Exercise directions>
Within the entries below, please retype exactly the lines starting with the line that has "Big tits MILF" and going on through the line that has "Sa druge strane, vernici", but not the pictures.

Extracted entries>
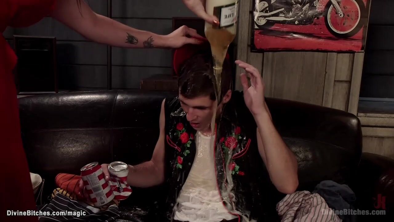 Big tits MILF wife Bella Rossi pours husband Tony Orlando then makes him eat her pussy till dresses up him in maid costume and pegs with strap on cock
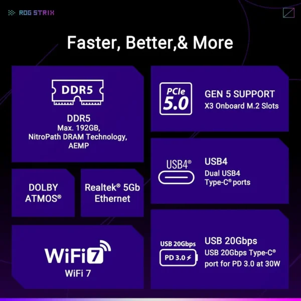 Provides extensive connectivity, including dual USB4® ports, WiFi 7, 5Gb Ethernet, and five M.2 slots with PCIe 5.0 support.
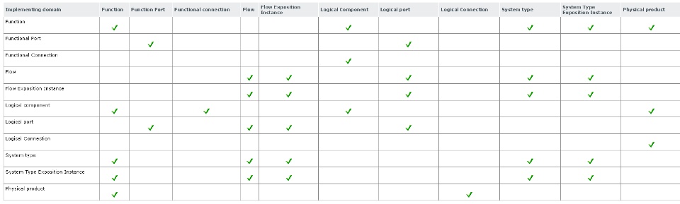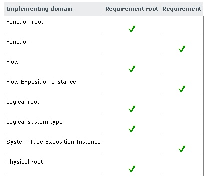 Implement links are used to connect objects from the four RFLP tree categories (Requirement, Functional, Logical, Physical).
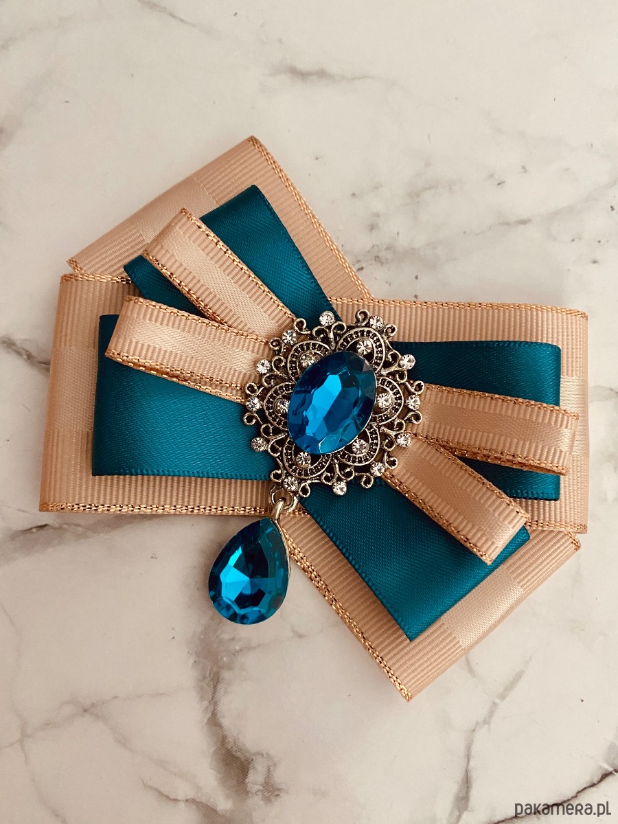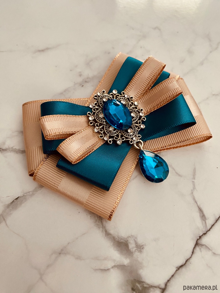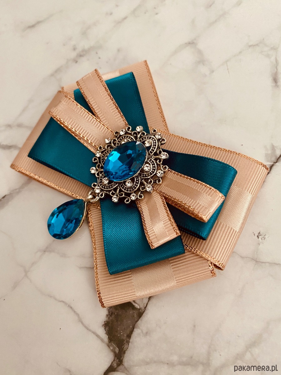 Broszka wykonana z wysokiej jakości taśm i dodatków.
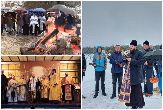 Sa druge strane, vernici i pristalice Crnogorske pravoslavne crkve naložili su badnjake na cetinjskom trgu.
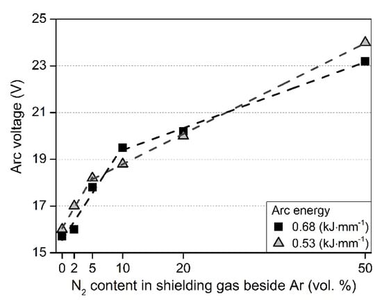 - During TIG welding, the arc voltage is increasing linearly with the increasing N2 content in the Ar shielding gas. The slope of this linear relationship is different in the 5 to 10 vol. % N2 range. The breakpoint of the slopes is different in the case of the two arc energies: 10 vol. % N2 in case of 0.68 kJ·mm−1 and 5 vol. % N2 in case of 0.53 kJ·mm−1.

==

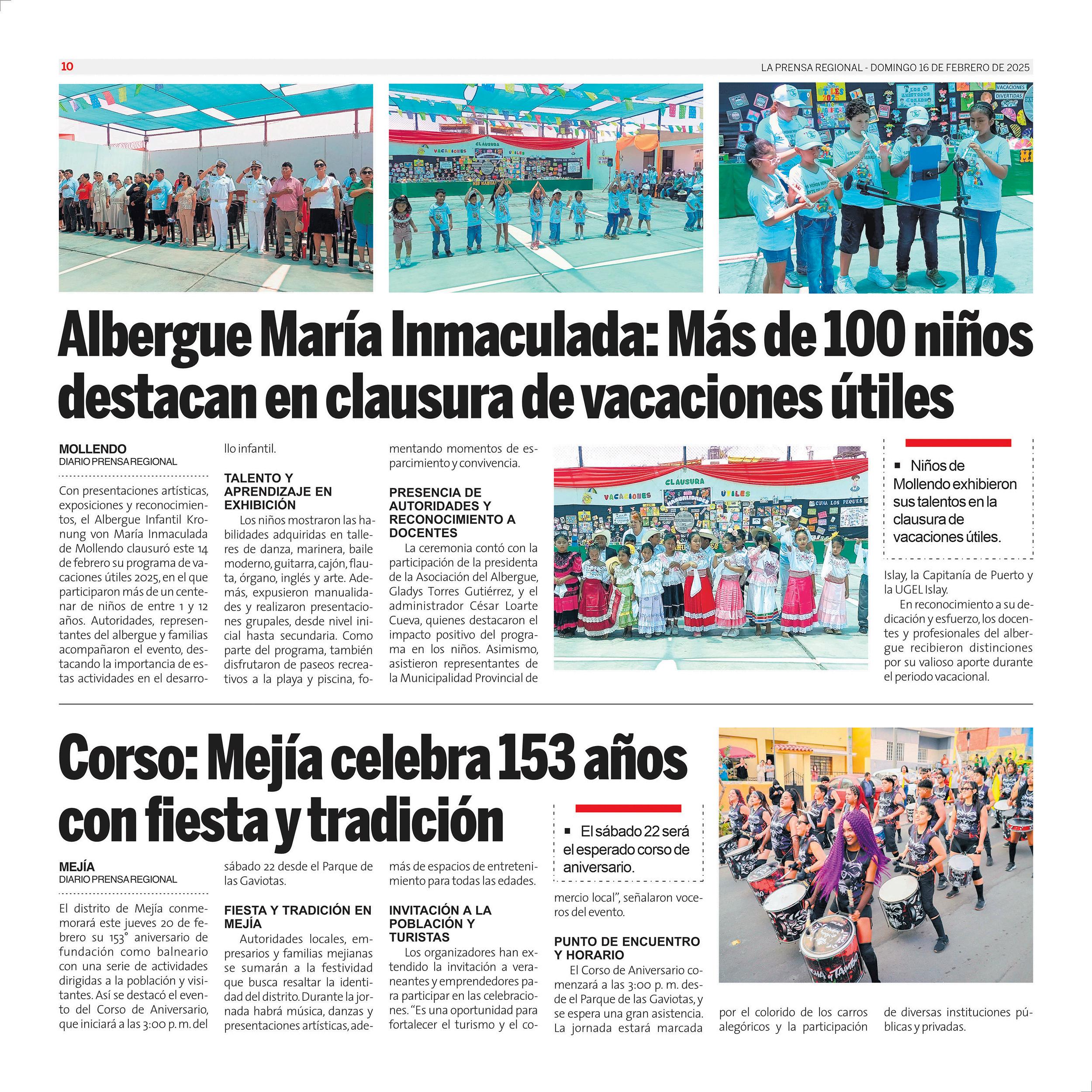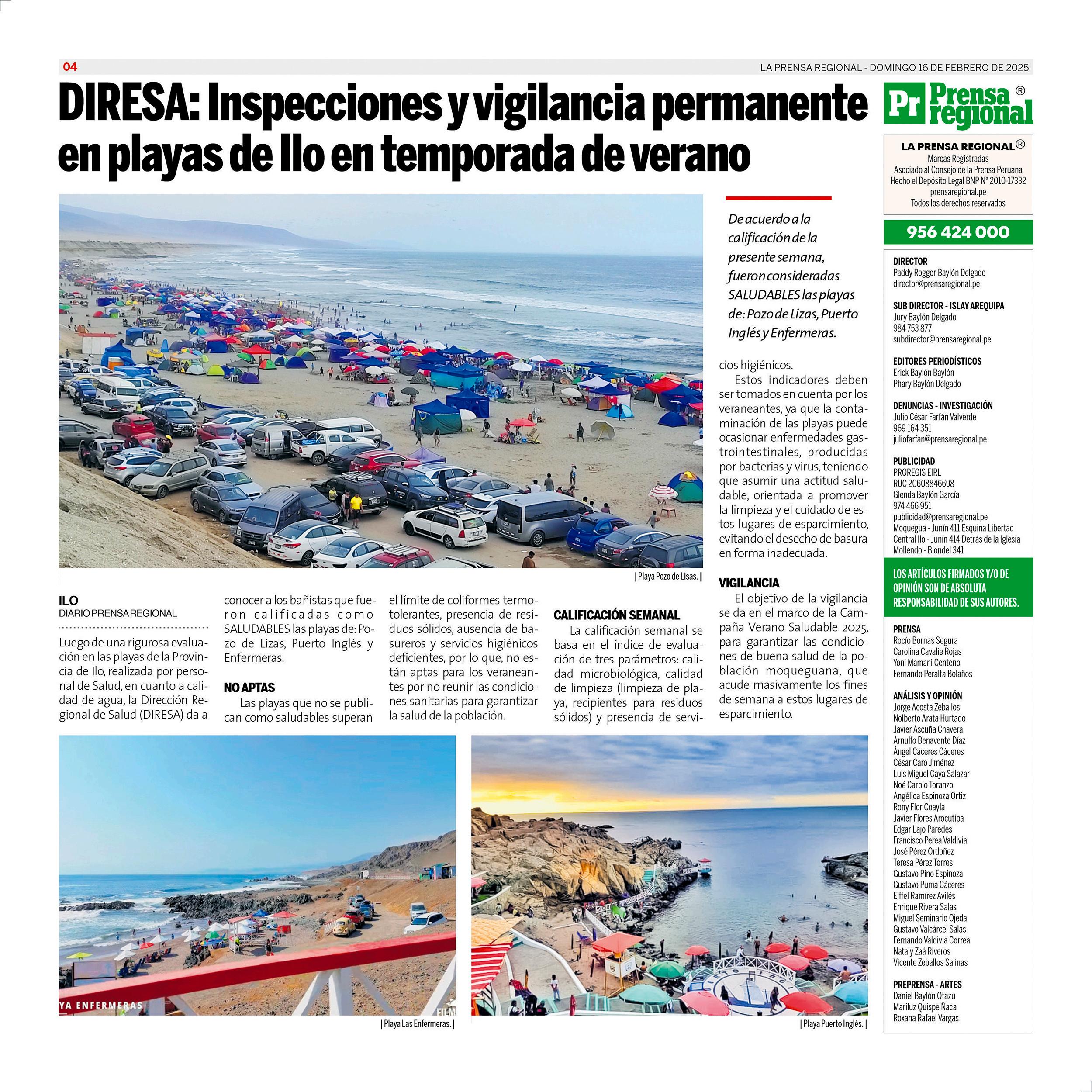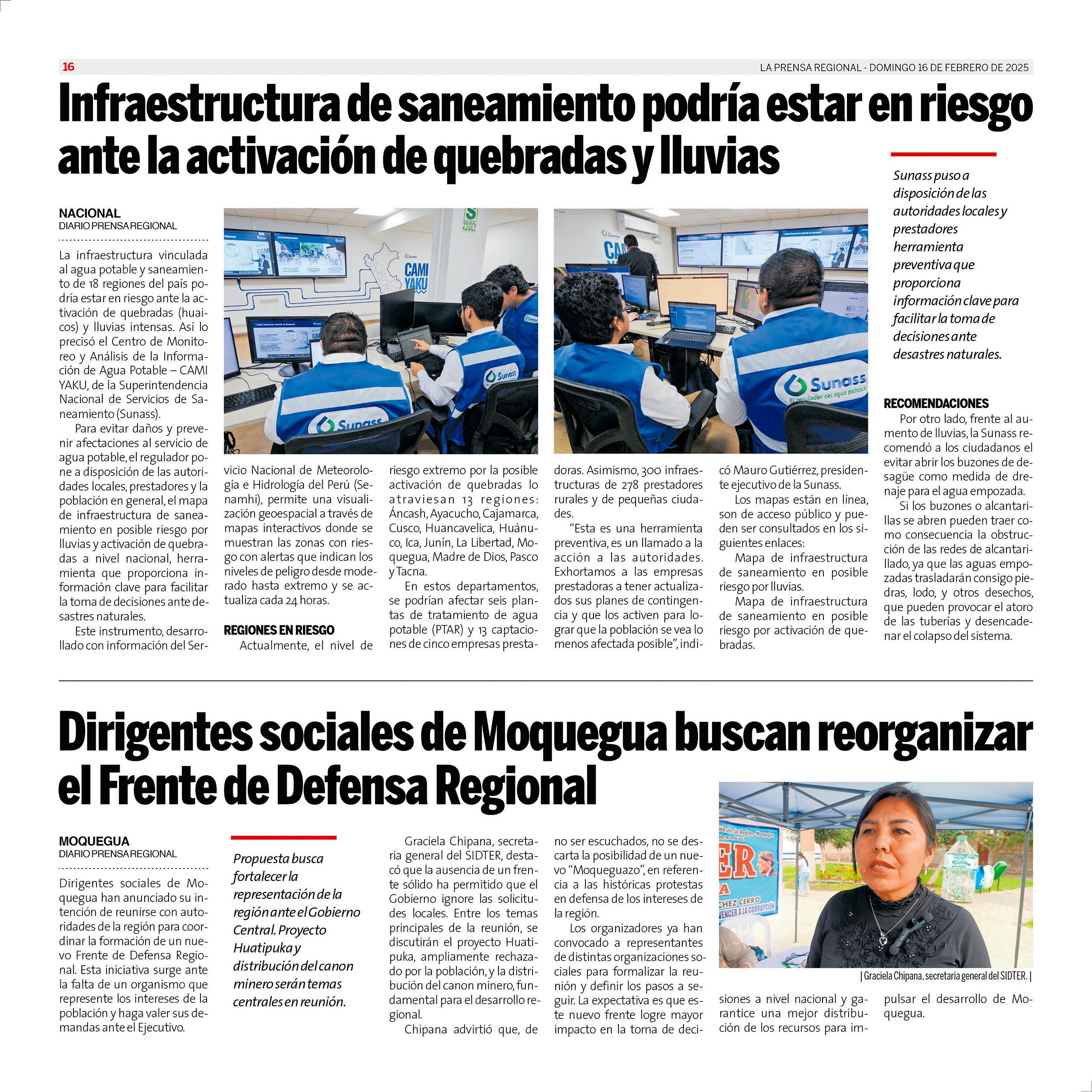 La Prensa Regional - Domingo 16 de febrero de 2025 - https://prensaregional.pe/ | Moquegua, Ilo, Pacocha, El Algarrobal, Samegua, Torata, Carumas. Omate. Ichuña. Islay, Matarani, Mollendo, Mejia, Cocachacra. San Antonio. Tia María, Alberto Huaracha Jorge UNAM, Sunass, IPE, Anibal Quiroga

Written solution>
 Big tits MILF wife Bella Rossi pours husband Tony Orlando then makes him eat her pussy till dresses up him in maid costume and pegs with strap on cock
 Provides extensive connectivity, including dual USB4® ports, WiFi 7, 5Gb Ethernet, and five M.2 slots with PCIe 5.0 support.
 Implement links are used to connect objects from the four RFLP tree categories (Requirement, Functional, Logical, Physical).
 Broszka wykonana z wysokiej jakości taśm i dodatków.
 Sa druge strane, vernici i pristalice Crnogorske pravoslavne crkve naložili su badnjake na cetinjskom trgu.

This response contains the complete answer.